Thursday, January 17, 2008

old testament


About 50 of us from Portland Mennonite ventured into "Bible in a Year" on Jan 1. I am already a miserable failure at reading every day but I have managed to keep the pace (about 3 chapters a day so far).

It's been great rereading the Hebrew Scriptures. Since we are part of a denomination intensely focused on the NT, I don't hear as much of the rough and tumble as I used to. I am also noticing that the lectionary can pull punches with what it casts in our path day to day and week to week. Reading two chapters a day front to back is gritty and, frankly, disturbing.

This has also been a great reminder of why I loved OT in college. At one point in time, before I learned of language requirements like Akkadian and Syro-Phoenecian, I actually wanted to be a Hebrew scholar. I still love the Hebrew language which has always seemed as gritty and obscure as the stories written in its tongue. Here are the lessons anew from this round (still in Genesis).

Lesson 1- the ancient Hebrews are completely messed up. It's quite shocking. Generation after generation they are taking multiple wives, murdering, tricking their brothers, running away, laughing at God, lying to kings, disobeying, disobeying, disobeying. And those aren't the Canaanites; those are the Hebrews. As I am reading this again and in such high volume I can truly say that as God's people, these folks in the Bible are unrecognizable!

Lesson 2 - God is always faithful. In spite of how ridiculous the Hebrews are, God returns again and again. I know that's something people say all the time and is starting to be an evangelical cliche, but seriously. There is very little to like or admire about these people. Yet God is dragging them out of burning cities, intervening when they lie to several pharaohs over several generations, blessing them when they scheme and cheat, opening their wombs even though they are snobs to their sisters.

Lesson 3 - I'm a lot less comfortable with OT sketchiness. Like Lot offering up his ENGAGED virgin daughters to a rabid mob of homosexual men. Or Jacob being blessed for tricking Laban out of his flocks and Esau's blessing. Or Leah and Rachel essentially making Jacob a prostitute for the highest mandrake bidder. In some ways I'm glad to not be in an environment where a prof tries to smooth over these rough edges with a pithy one liner. I'd rather take a little time to let this sit.

It's great to be intensely back in the Bible and in community with our church.
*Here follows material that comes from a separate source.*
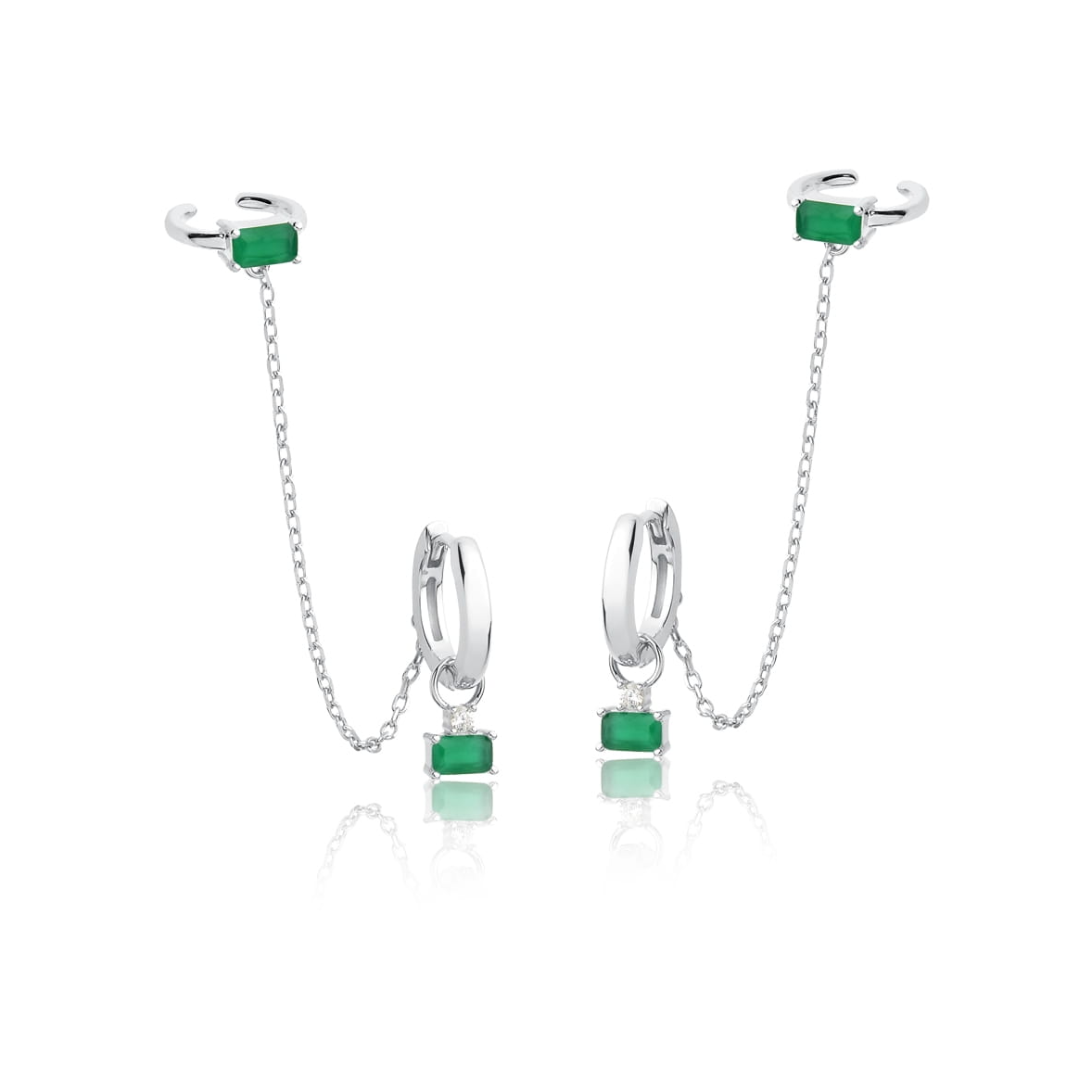 Compre agora e destaque-se com a beleza e a elegância do Brinco Prata Argolinha com Pedra Esmeralda Fusion e Pingente de Corrente Piercing Fake!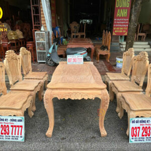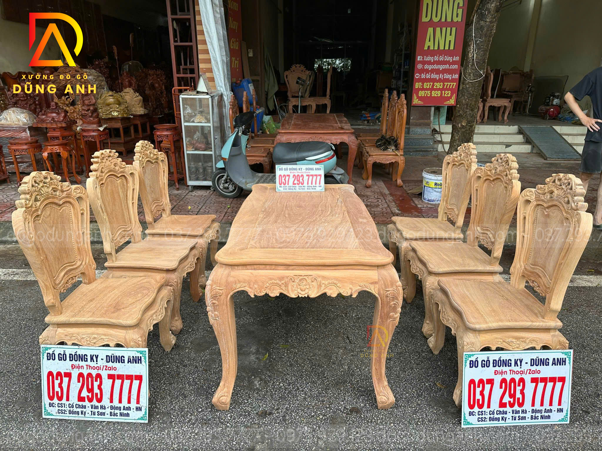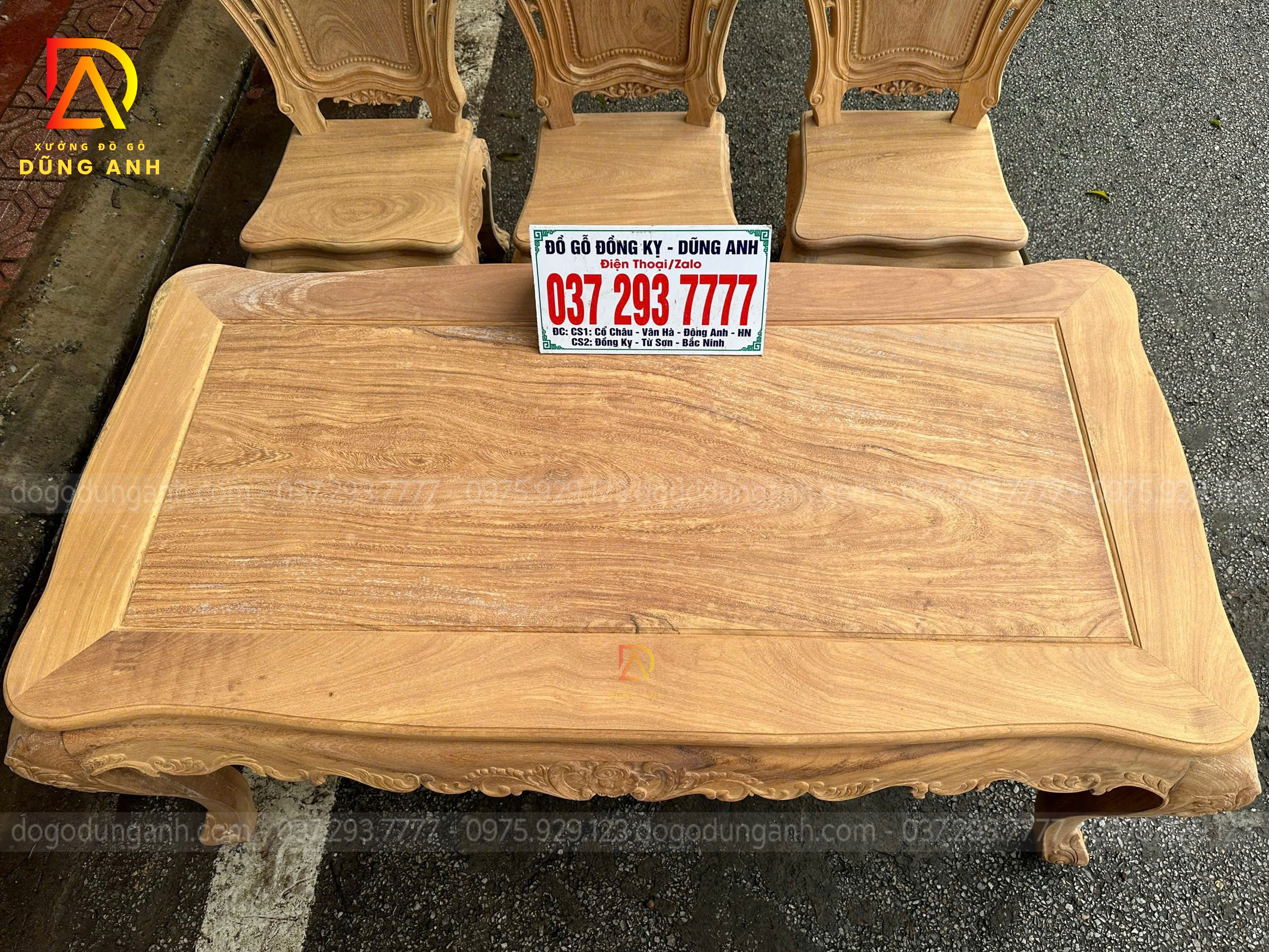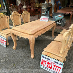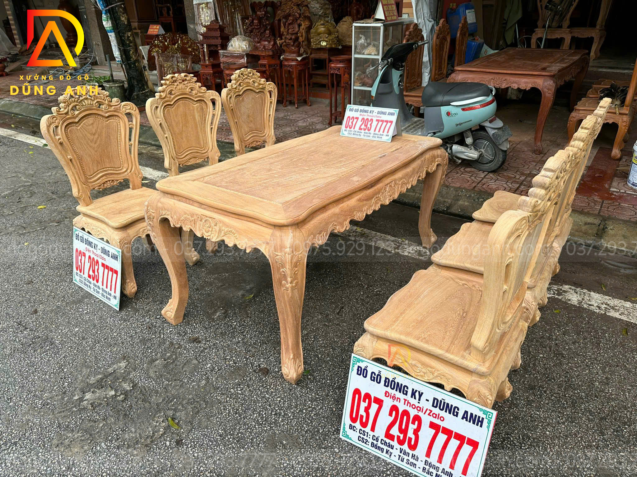 Bộ 6 Ghế Louis Hoàng Gia+Bàn Chữ Nhật Yếm Vén

I never thought I would again see the day when my roommate (now husband) and I sat up for hours trying to figure out why the heck Jesus got baptized....

2 comments:

Mark said...

Sounds wonderful. How slowly are you reading each chapter? I adore the rich nuance of phrases...what translation are you using (posh, I imagine Melissa Florer-Bixler is reading in Hebrew!!)? Have you read any of Everett Fox's translation?

melissajacob said...

hi there. I could probably get through the torah okay, but i don't have the time or brain energy for prophets or writings. and my aramaic is feeling pretty rusty.

NRSV, about 3 chapters a night. so far so good!

i haven't heard of fox's translation but i will look it up!